> _Action item_: Pictures do not belong in the copy; retype the records below exactly.

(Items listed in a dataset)

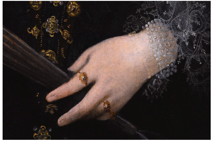
Juan Pantoja de la Cruz, Portrait of a Lady of the Court of Phillip III (Detail)

most likely a member of the extended royal family, the wife of a courtier of Phillip III (1578-1621) or a lady-in-waiting to his wife, Margaret of Austria (1584-1611).
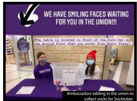
Ambassadors tabling in the union to collect socks for Socktober.
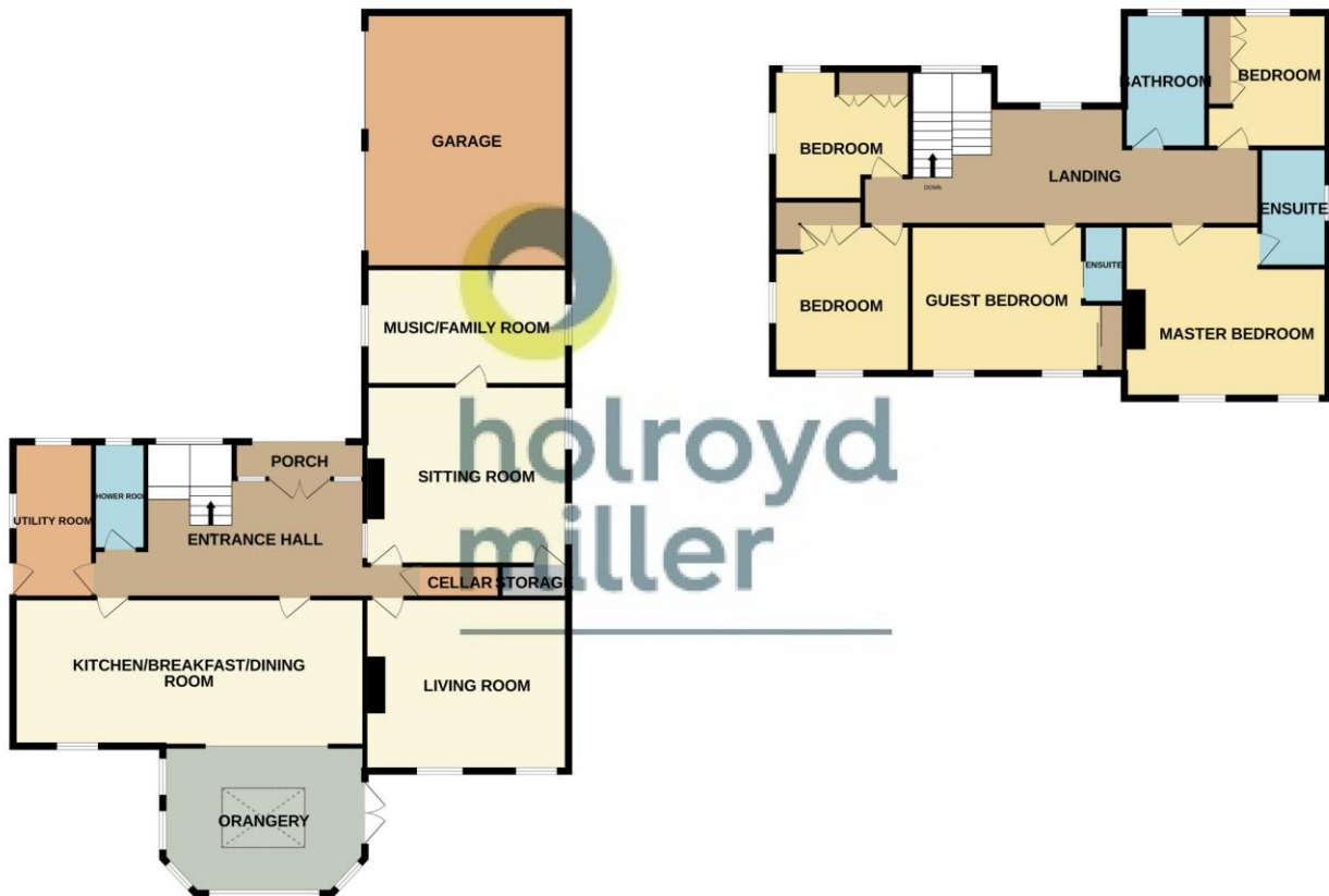
1ST FLOOR 1162 sq.ft. (108.0 sq.m.) approx.

TOTAL FLOOR AREA : 3025 sq.ft. (281.1 sq.m.) approx.
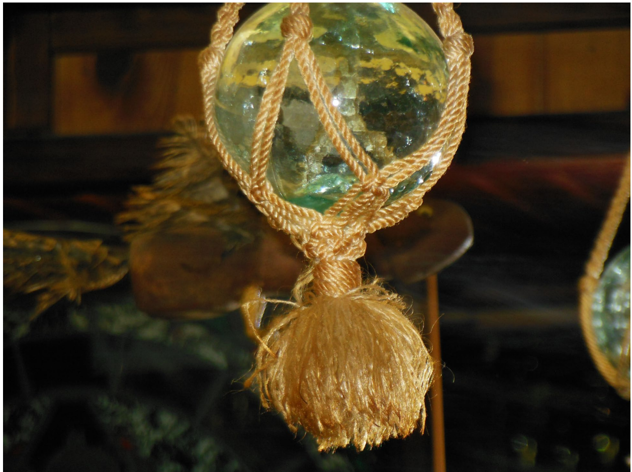
The "Dickie Bird"
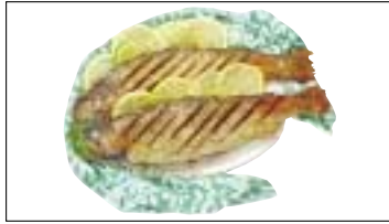
128 Trout Cooked

> _Solution to the problem_:
Juan Pantoja de la Cruz, Portrait of a Lady of the Court of Phillip III (Detail)

most likely a member of the extended royal family, the wife of a courtier of Phillip III (1578-1621) or a lady-in-waiting to his wife, Margaret of Austria (1584-1611).
Ambassadors tabling in the union to collect socks for Socktober.
1ST FLOOR 1162 sq.ft. (108.0 sq.m.) approx.

TOTAL FLOOR AREA : 3025 sq.ft. (281.1 sq.m.) approx.
The "Dickie Bird"
128 Trout Cooked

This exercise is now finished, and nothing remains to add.